In the signal processing program of the hearing aid, the compression controller is specially set to make the start time and release time of the high frequency signal compression short, to make the consonant clear and enhance the user's understanding of the speech.
In the noise reduction process, according to the sampling analysis of Chinese speech in the noise environment, the noise reduction strategy optimized for Chinese speech is obtained. Experiments have confirmed that this strategy can increase the signal-to-noise ratio by 18dB.

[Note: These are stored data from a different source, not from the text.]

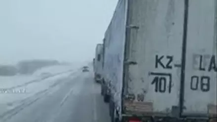 На трассе Самара - Шымкент образовалась пробка из-за гололеда
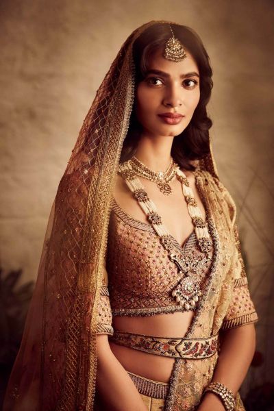 Enormous guldasta and bird big motifs on lehenga embroidered on raw silk with net dupatta and embellished belt.
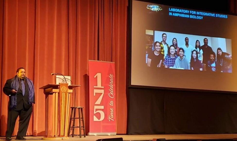 This year, we welcomed Dr. Tyrone Hayes to campus for two days for the Science Lecture Series. Dr. Hayes’ research focuses on endocrine disrupting contaminants, particularly pesticides, and their impact on wildlife and human health. He also works to bring to light and address environmental justice concerns associated with targeted exposure of racial and ethnic minorities to endocrine disruptors and the role that exposure plays in healthcare dispari-
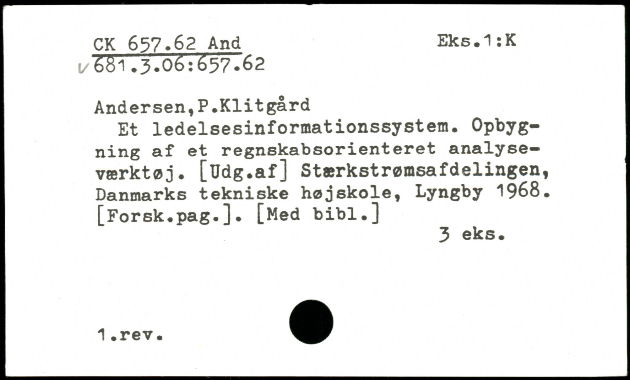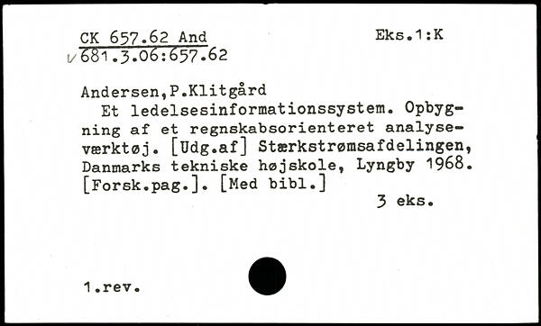 Andersen,P.Klitgård Et ledelsesinformationssystem. Opbygning af et regnskabsorienteret analyse-værktøj. [TJdg.af ] Stærkstrømsafdelingen, Danmarks tekniske højskole, Lyngby 1968. [Forsk.pag.]. [Med bibl.]
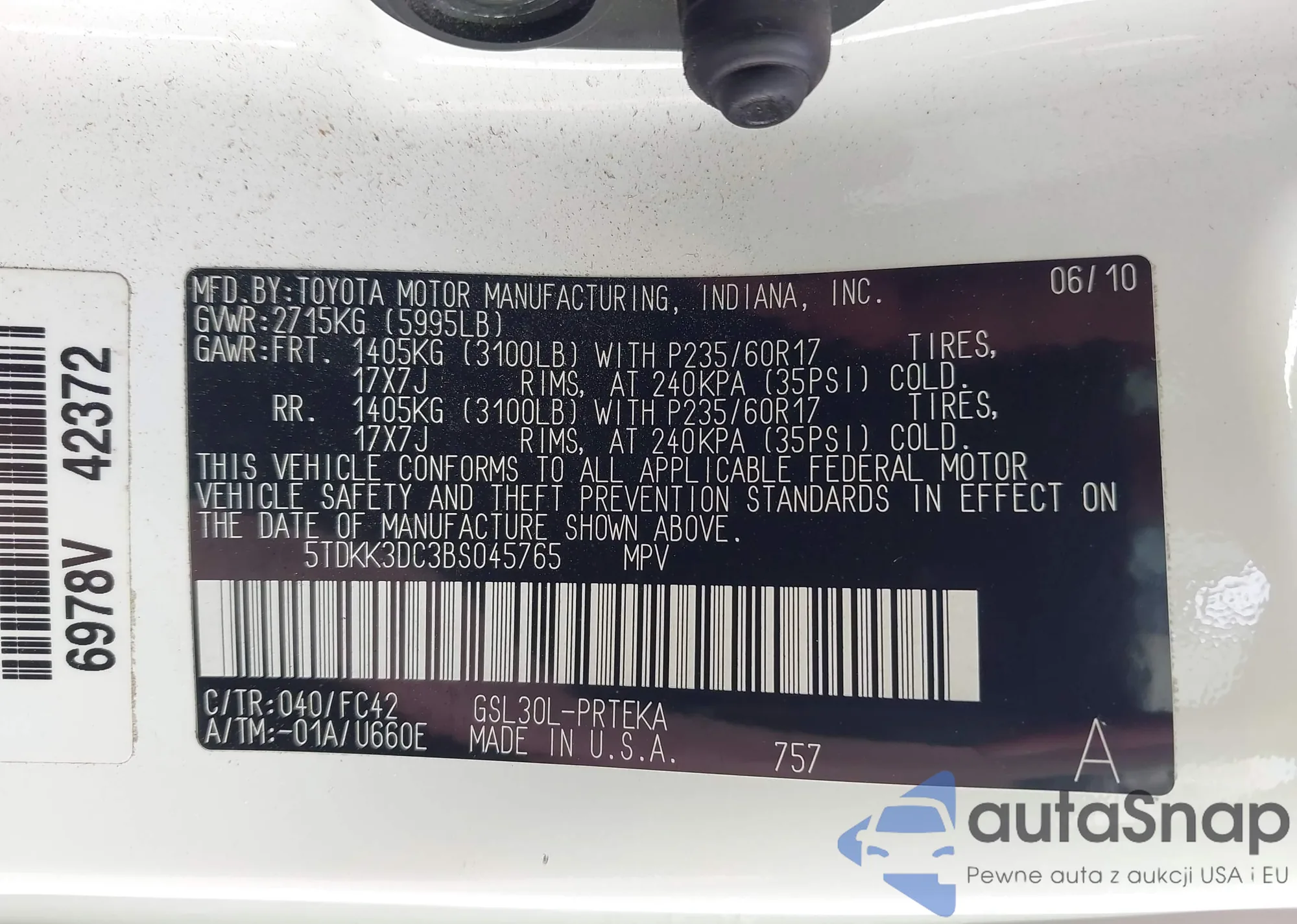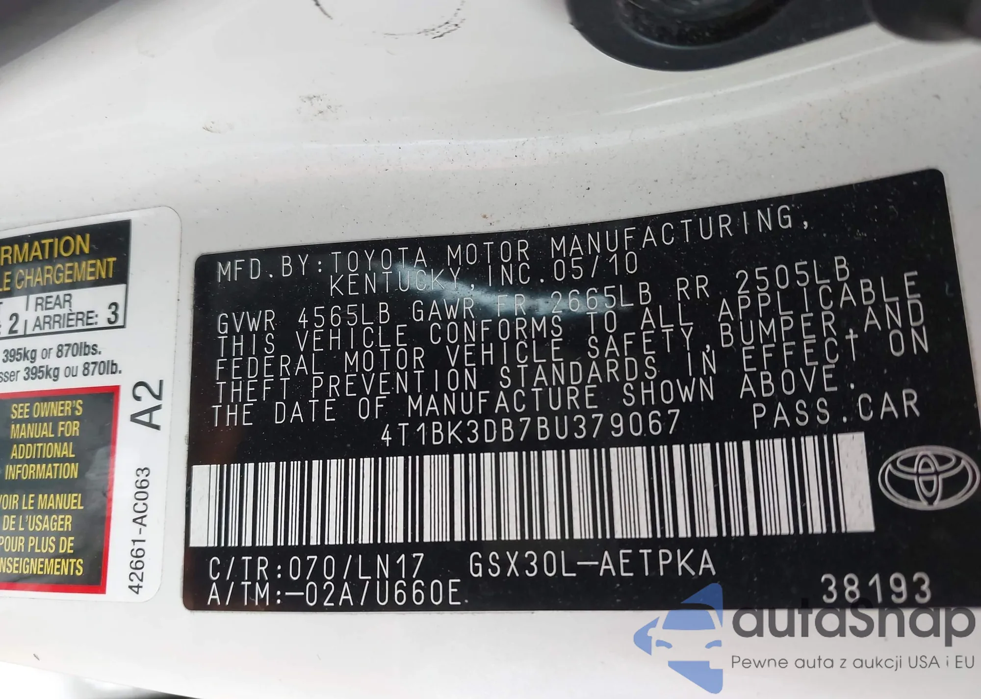 • VIN 4T1BK3DB7BU379067
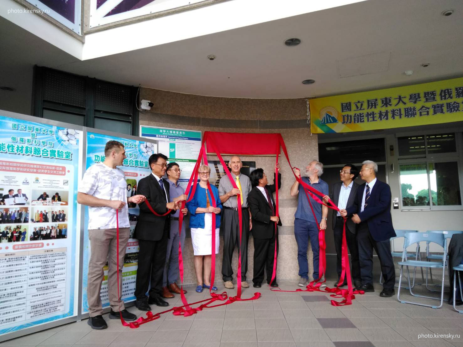 Овчинников Сергей Геннадьевич (в центре снимка), заведующий лабораторией физики магнитных явлений Института физики им. Л.В. Киренского Сибирского отделения Российской академии наук, на открытии в Пинтонге совместного центра. Тайвань. Ноябрь 2019 года.
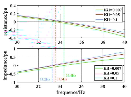 When K = 15% and Kp1 = 1.5, Ki1 is taken as 0.007, 0.05, and 0.1, respectively. The system frequency-impedance curves obtained from Equations (17)–(19) and (22) for three different integration coefficients are shown in Figure 10. When Ki1 = 0.007, the total system reactance undergoes a ZCP at 34.4 Hz. The total system resistance Rsum at this frequency is less than zero, causing the system to undergo SSO. When Ki1 = 0.05, the total system reactance undergoes a ZCP at 33.5 Hz. The total system resistance Rsum at this frequency is greater than zero, so the system remains stable; when Ki1 = 0.1, the total system reactance undergoes a ZCP at 33.2 Hz. The total system resistance Rsum at this frequency is greater than zero, so the system remains stable. Therefore, a smaller integration coefficient indicates a greater susceptibility to SSO.
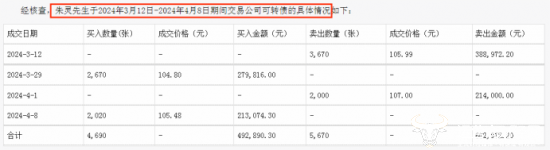 公告中也提到,朱灵已经“主动将此次交易所得收益人民币6214.66元全数上缴公司。”
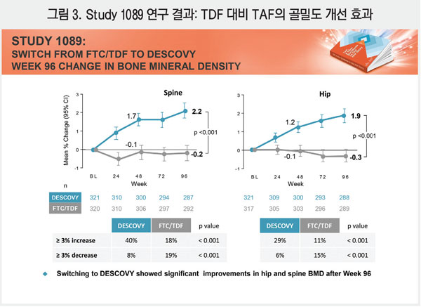 96주차에 두 군 모두 약물 중단 사례는 매우 적었으나 지속적으로 FTC/TDF를 복용했던 환자들에서 신장 세뇨관 질환으로 약물을 중단한 사례가 1건 발생했다. 그리고 제3제 복용 여부에 관계없이 FTC/TDF에서 FTC/TAF로 변경한 후 eGFR을 비롯한 UPCR, UACR, RBP (retinol-binding protein):크레아티닌 비율, β2-microglobulin:크레아티닌 비율 등 모든 신장 관련 수치들이 개선됐다. FTC/TDF에서 FTC/TAF로 변경함으로써 96주차의 골반 및 척추 골밀도가 향상됐다<그림 3>.
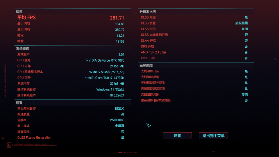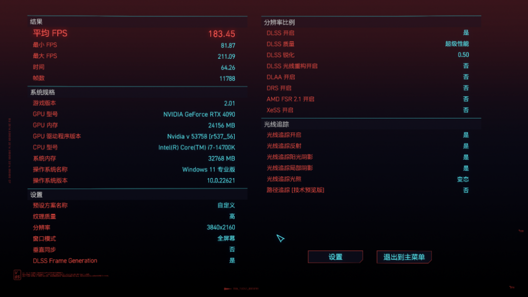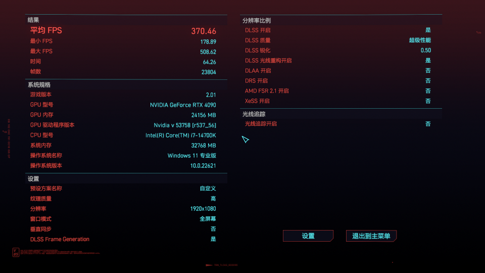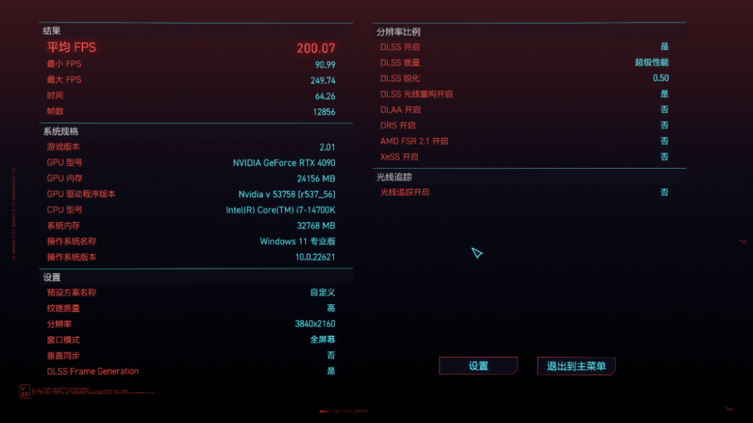 《赛博朋克2077》基准测试,画质超级,DLSS设为超级性能模式,并开启DLSS 3.0,4K分辨率下,游戏平均帧率为200.07 FPS。2K分辨率下,游戏平均帧率为314.32FPS。1080P分辨率下,游戏平均帧率为370.46FPS;
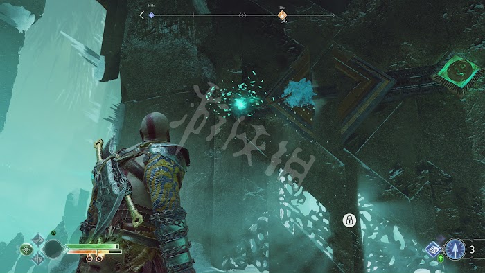 第3個需要放下吊橋,靠近後才能扔斧頭砸到。解鎖3個符文後打開寶箱獲得能夠增加生命值上限的[伊登的蘋果]。
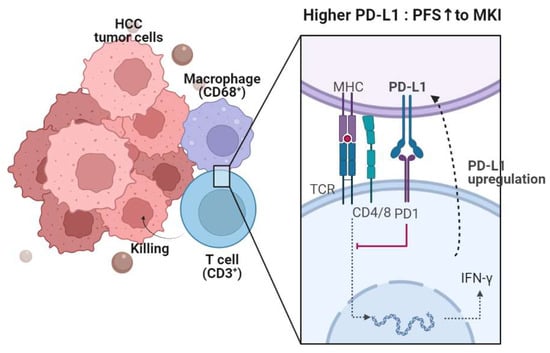 Previous studies characterized HCC subtypes as “immunocompetent”, “immunosuppressive”, and “immunodeficient” [13,14]. The first subtype is characterized by a robust infiltration of T cells (CTLs and Th1 cells) and TAMs, with an M1-dominant phenotype. CD68 is a glycoprotein predominantly expressed in macrophages, which aids in recognizing targets by attaching to specific lectins or selectins in tissues or organs. As a universal macrophage marker, CD68 allows for the detection of all macrophage types, irrespective of their phenotype. M1 macrophages exhibit anticancer and proinflammatory properties, whereas M2 macrophages are linked to cancer-promoting and immune-suppressing effects [15]. TAMs express PD-L1, which reflects the immunogenic nature of the tumor. This phenotype is expected to respond well to ICI therapies. In the second subtype, immunosuppressive cells, including TAMs, are highly infiltrated, while T-cell infiltration is low. TAMs may express PD-L1 but at a lower level than that seen in cells with an immunocompetent phenotype. This phenotype may not respond well to immune checkpoint inhibitor therapies and may require combination treatments. The third subtype is referred to as the “immunodeficient” subtype. The infiltration of T cells and TAMs is poor, possibly due to poor tumor immunogenicity. This subtype may not respond to immune-based therapy unless antigen release by the locoregional or systemic therapies results in local inflammation sufficient to cause immune cell infiltration. Furthermore, whether these different subtypes influence the response of MKIs is unknown.
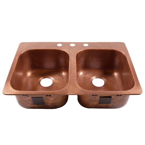 Santi 33 in. 1-Hole Drop-In Double Bowl 16-Gauge Antique Copper Kitchen Sink with Port Haven Bronze Faucet Kit
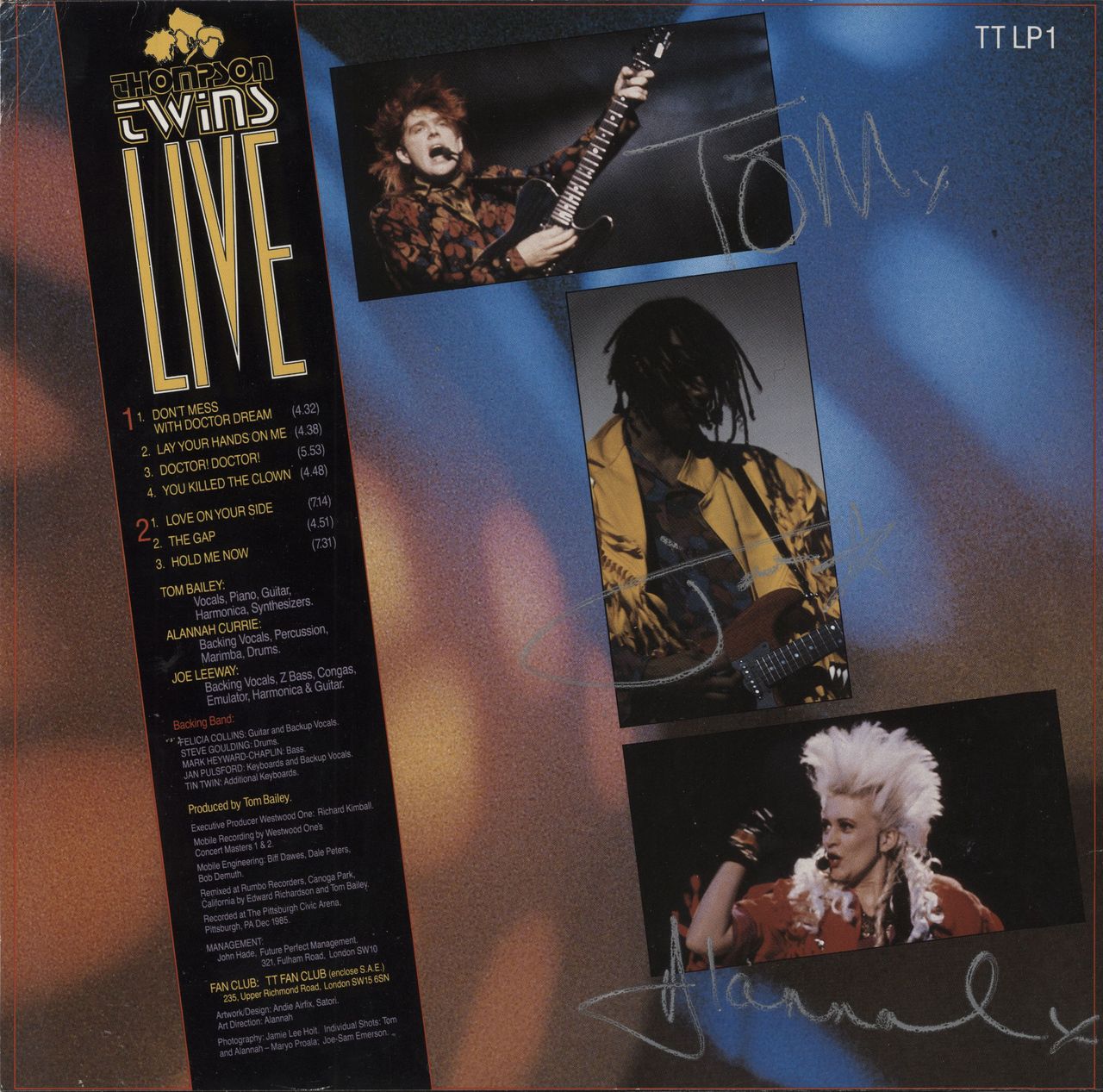THOMPSON TWINS Live (Stunning 1986 UK limited edition fan-club only 7-track vinyl LP, issued due to the cancelled tour in 1985. Housed in a great picture sleeve which has been FULLY AUTOGRAPHED by Tom, Alannah and Joe in silver marker pen on the reverse. The sleeve has only light edgewear, but the autographs are still clear and bright TTLP1)

Chinese speech processing technology in applications involving hearing aids
The following is a specific example of applying Chinese speech technology to designing a hearing aid. This technology uses the world's most advanced DSP digital technology, including low-power digital chips.
TOCCATA digital signal processing system
The ToccataTM system is a miniature, ultra-low power, high efficiency digital signal processing system. It includes a high-fidelity weighted filter bank (WOLA filter bank), a 16-bit DSP core, two 14-bit A/D converters, a 14-bit D/A converter, and other peripherals. Toccata TM technology provides a standard software-programmable DSP development platform and a miniature VLSI fabricated in a 0.18 μ process. It not only facilitates the development of audio processing system manufacturers but also other DSP-based miniature, low-power products.
Hardware Structure (Hardware Structure)
Figure 4 hardware system structure
The TOCCATA system consists of three chips, an "analog" chip (ALPHA), a "digital" chip (DELTA), and an E 2 PROM chip for uncharged storage.
ALPHA chip
The ALPHA chip includes input and output amplifiers, two A/D converters, a D/A converter, and a master clock and power supply system.
DELTA chip
The DELTA chip includes a 16-bit software programmable DSP core, a WOLA filter bank coprocessor, a DMA controller (input and output processor or IOP), and memory (RAM and ROM). The combination of a programmable core and a flexible filter allows the signal to be processed by software. Therefore, the structure can perform a conventional audio processing system processing scheme (for example, dual-channel compression), and of course, a more powerful processing scheme can be performed through the DSP core (for example, compression of 16 channels or more channels, noise reduction, feedback suppression, etc.) ).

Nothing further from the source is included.